Block-busted: why homemade Minecraft movies are the real hits
The bestselling video game ever has a devoted, vocal, following. Can a faceless corporation make a successful film based on such beloved IP without involving its fanbase?
By any estimation, Minecraft is impossibly successful. The bestselling video game ever, as of last December it had 204 million monthly active players. Since it was first released in 2011, it has generated over $3bn (£2.3bn) in revenue. What’s more, its players have always been eager to demonstrate their fandom outside the boundaries of the game itself. In 2021, YouTube calculated that videos related to the game – tutorials, walk-throughs, homages, parodies – had collectively been viewed 1tn times. In short, it is a phenomenon.

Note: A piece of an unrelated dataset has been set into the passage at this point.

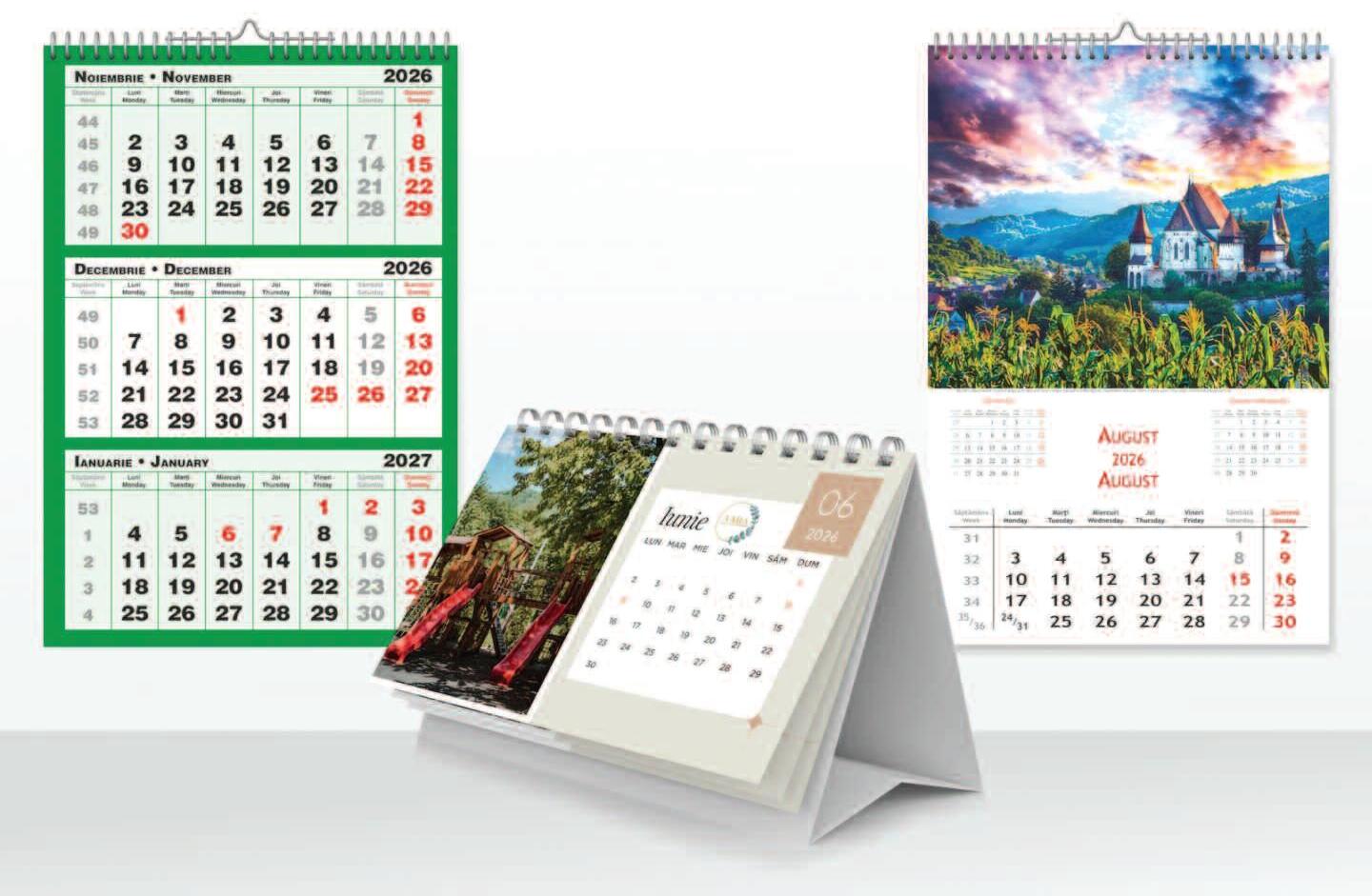 Calendare personalizate 2026 – acestea sunt cele mai populare pentru firme și instituții. Pot fi personalizate cu logo, numele companiei sau chiar un mesaj specific. Sunt ideale pentru birouri de avocați, notari, firme de asigurări sau cabinete medicale, unde identitatea vizuală contează enorm.

Such is the strength of feeling, almost all of it positive, about Minecraft that it was only a matter of time before someone tried to turn it into a film. After all, you have a historically popular product and a highly engaged fanbase: what could possibly go wrong? Turns out, quite a lot. Last September, the first trailer for the film – titled A Minecraft Movie – was released, and the reaction was instant and violent. “Minecraft fans devastated by ‘awful’ live-action trailer” read one headline the following day. Some called it “a crime against humanity”; others “a soulless neon abomination”. In less than 24 hours, the website GamingBible had called it “a curse on my eyes” and “pure nightmare fuel”. Within three days of its release, the trailer had been downvoted more than 1m times.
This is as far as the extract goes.